The last Sunday before Christmas was cold and grey in Ottawa, with a storm bringing in snow and freezing rain.

Despite the weather, the hearty parishioners at St. Patrick's Basilica downtown filed in, stamping snow off their boots, for morning mass.

Outside the basilica, Glen Goss stopped to admire the nativity scene on the front lawn. He also paused to speak about a subject that's caught the attention of Catholics and non-Catholics alike: the new pope. Goss calls him an honest and true man. 

"The previous pope was a significant intellectual and also a very holy man," Goss said. 

"But Francis is more a people's man."

That sentiment is common among parishioners. 

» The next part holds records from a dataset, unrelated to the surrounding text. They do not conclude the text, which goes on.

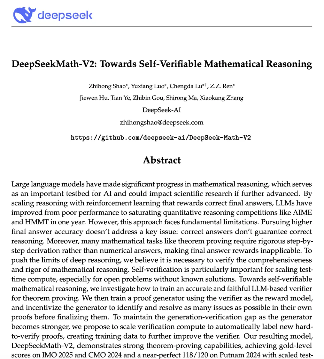 在这篇名为《DeepSeek Math-V2:迈向可自验证的数学推理》的论文中,DeepSeek指出,大语言模型已经在数学推理方面取得了重大进展,这是人工智能的重要试验台,如果进一步推进,可能会对科学研究产生影响。
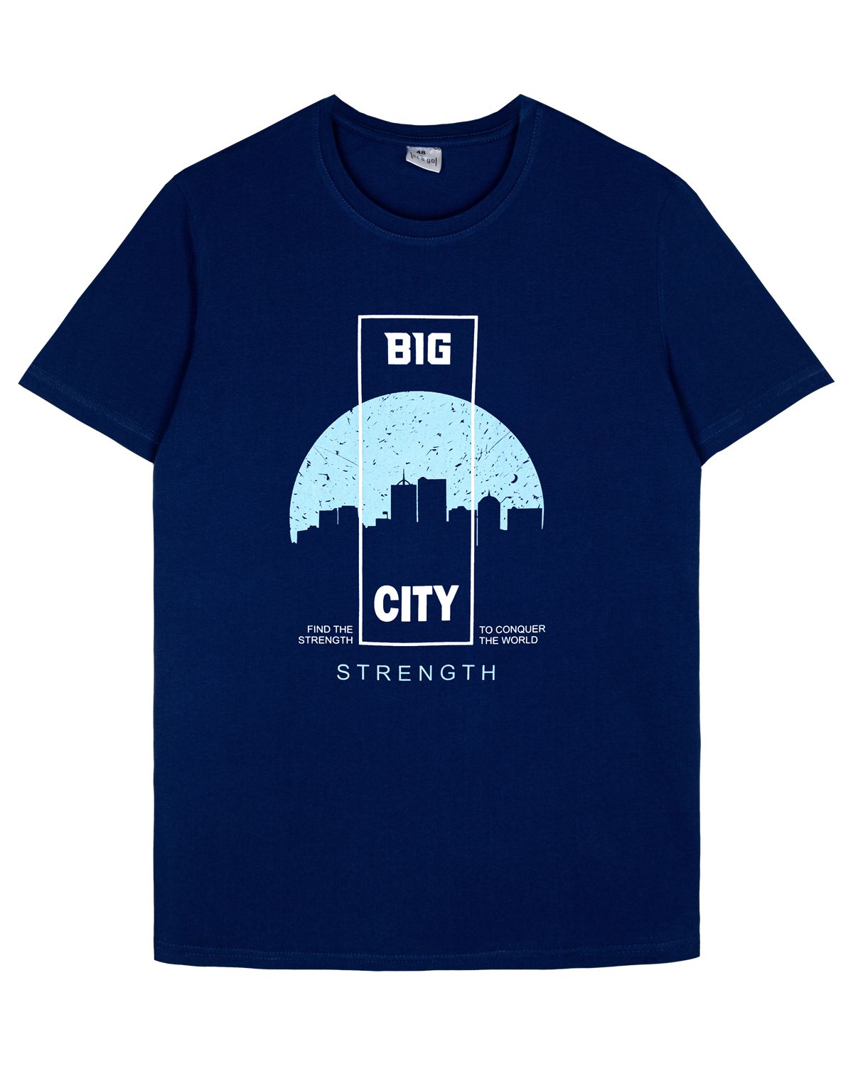 Футболка мужская прямого силуэта с втачным коротким рукавом. Горловина круглая, обработана воротником из рибаны. Горловина спинки внутри укреплена бейкой из кулирки. По горловине полочки отделочная строчка. Низ изделия и рукавов обработан швом в подгибку. На полочке принт шелкография. Надпись переводится как "Большой город; Найди в себе силы, чтобы покорить мир". Модель рассчитана на рост 176-182см.
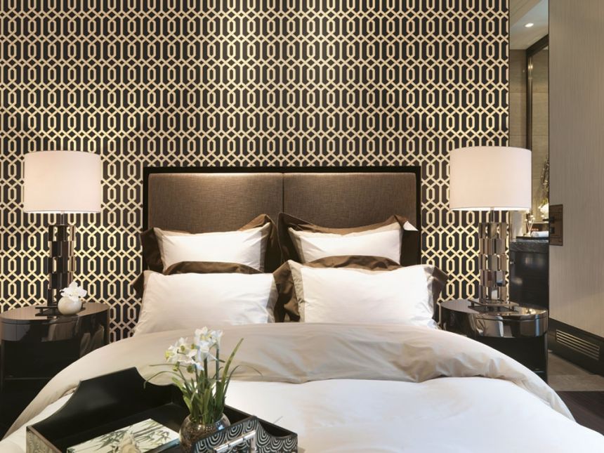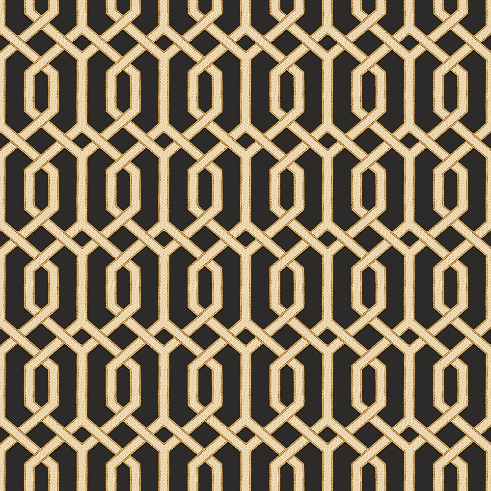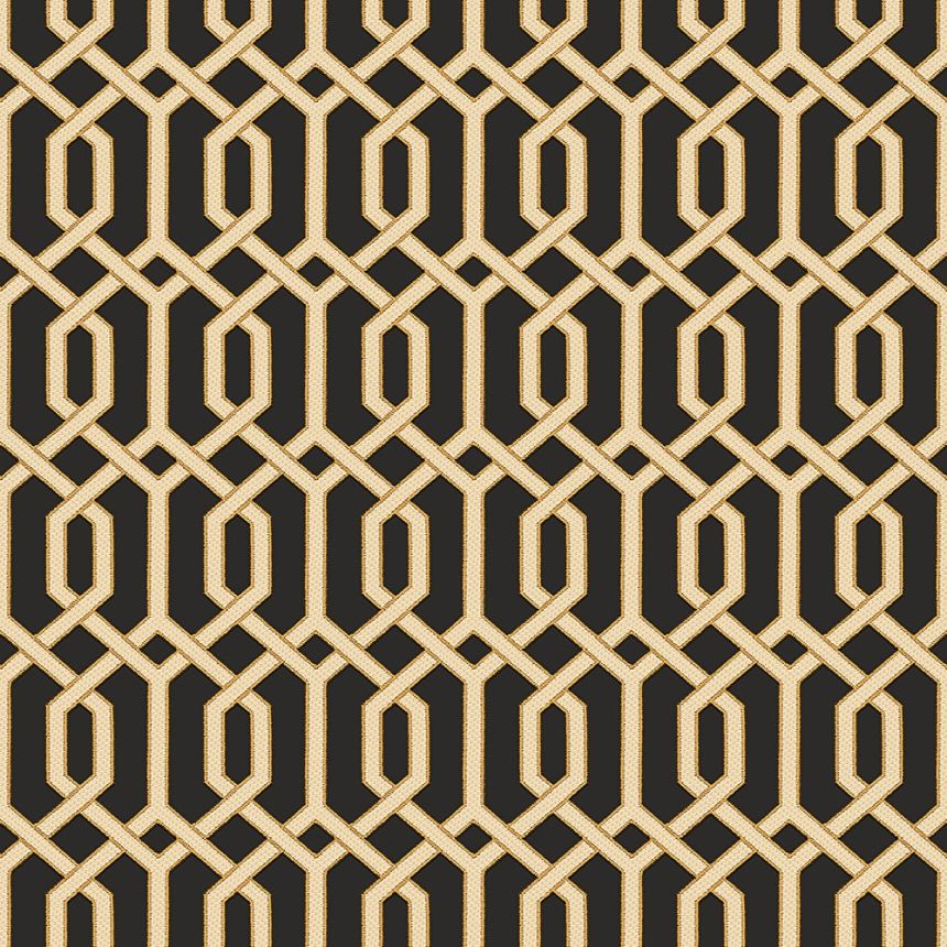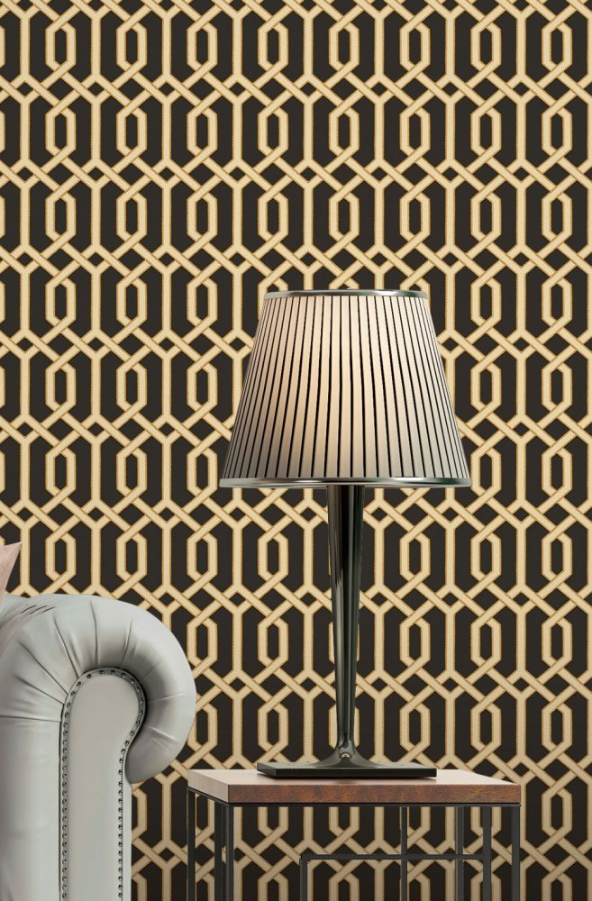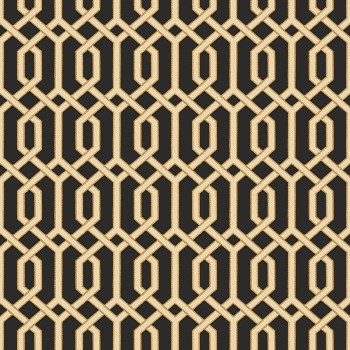 Vlies, halbglänzende schwarze Tapete mit feiner Struktur, beiges Metallic-Muster mit goldmetallischen Konturen.

"He's more into the ordinary people and that's what we're striving for in our church," said Jovy Salas as she hurried in for mass. 

Pope Francis has caused a stir within the church in Canada and around the world. Since becoming Pope in March, Francis hasn't changed church doctrine, but he has set a new tone at the Vatican. 

He's rejected many of the luxuries that go with his title and focused instead on caring for the poor. He has railed against unbridled capitalism and invited homeless men to breakfast to celebrate his birthday.

Observers say the new style is making a difference in the way the church is perceived.

Pope Francis appeal

Pope Francis's common touch is part of his charm and what appeals to many Roman Catholics. (Claudio Peri/Pool/Associated Press)

"What's most attractive about Francis is the simplicity and the authenticity of his own witness. People get it," said Prof. Catherine Clifford of St. Paul University in Ottawa. 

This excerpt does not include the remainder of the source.